To meet its zero trust security requirements, the U.S. government needs to recommend the implementation of a zero trust-compliant encryption approach that closes this long-known gap and addresses the data security risks that are the primary target of modern attacks such as ransomware or intellectual property theft.

Meeting Zero Trust Data Security Goals with Application-layer Encryption

Application-layer encryption (ALE) enables a more granular and effective approach to data at-rest encryption, than full-disk or database encryption. Instead of encrypting data in bulk, ALE allows an application to manage its own encryption, making it possible to tailor encryption to the unique security needs of the application’s data and subsequently the users that have access to those applications.

ALE Enables Granular Data Encryption

The White House’s zero trust initiative requires the granular encryption made possible by ALE.  As stated in the memo, encryption doesn’t protect data at rest if an attacker exploits a system or database that stores sensitive data.

The OPM breach, which exposed the personal data of millions of federal employees and contractors, is a classic example of where full disk or database encryption, if used, would have done nothing to mitigate the data breach. According to Andy Ozment, the Assistant Secretary in the Office of Cybersecurity and Communications at the DHS, “If the adversary has the credentials of a user on the network, they can access data even if it’s encrypted just as the users on the network have to access data. That did occur in this case. Encryption in this instance would not have protected this data.”

These limitations are only true for full-disk and database encryption, where the need for access to any data on the disk or in the database provides access to all of the data. With ALE, it is possible to implement attribute or role-based access controls providing access to data on a case-by-case basis determined by specific attributes or an employee’s role within the organization and their data access needs. The right to access a list of current employees should not automatically translate to the ability to access their social security numbers, fingerprints, and answers to a questionnaire designed to determine suitability for a security clearance.

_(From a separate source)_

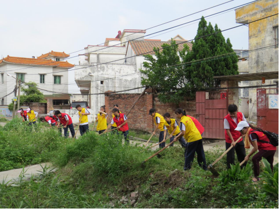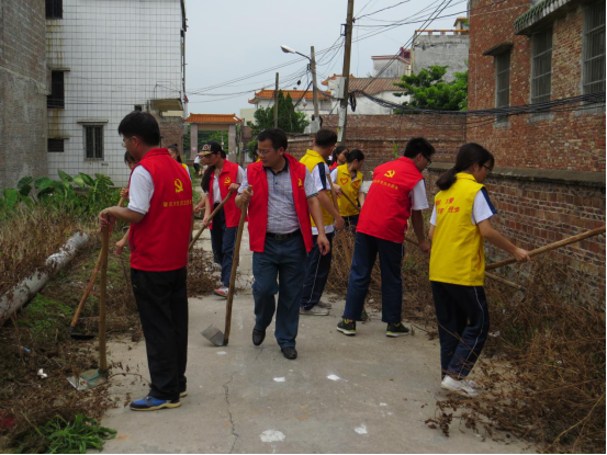 (教科院 黄秋霞讯)6月12日上午,在教科公司党委副书记刘远君的带领下,丘碧群老师、金振丽老师、辅导员赵书栋师等四名教师党员和12名员工党员走进高要区金渡镇大坑村,开展创文活动。虽烈日当头,公司师生用锄头铲除大坑村牌坊路旁的杂草以及清扫垃圾。经过两个小时的奋战,牌坊路两边的杂草被全部铲除和清理,原本长满杂草和堆有垃圾的道路,变得整洁宽敞。各位党员虽汗流侠背,但看到大家的劳动成果,都会心地笑了。

Deploying Strong Encryption to Legacy Systems

While full-disk or database encryption would not have helped with the OPM breach, these solutions were not in place at all. The stated reason for this was, “that the agency’s IT infrastructure didn’t necessarily support modern encryption technologies.”

While this may be true for large-scale full-disk and database encryption solutions, ALE encryption can be “bolted on” with minimal impact on existing systems, as it integrates directly into the application and doesn’t require changes to the storage layer (e.g., databases, data warehouses, etc.). ALE can be implemented by integrating a lightweight encryption library, a few lines of code, and integrated key management and logging can be leveraged and managed using a cloud-based system.

This approach to encryption and key management meets the directive’s requirements to “use key management tools to create a trustworthy audit log that documents attempts to access that data.”  In contrast, full-disk and database encryption only prove that a user has access to a system or database as a whole, with no visibility into the individual files and records within it. Nor do they generally leverage unique encryption keys for specific data sets or users.

The Future of Federal Zero Trust Security

The White House’s Zero Trust Directive is an exciting new step towards improving the cybersecurity of the federal government and the nation’s most sensitive data. We look forward to seeing what new guidance emerges and how government agencies implement the requirements in this newest White House cybersecurity directive.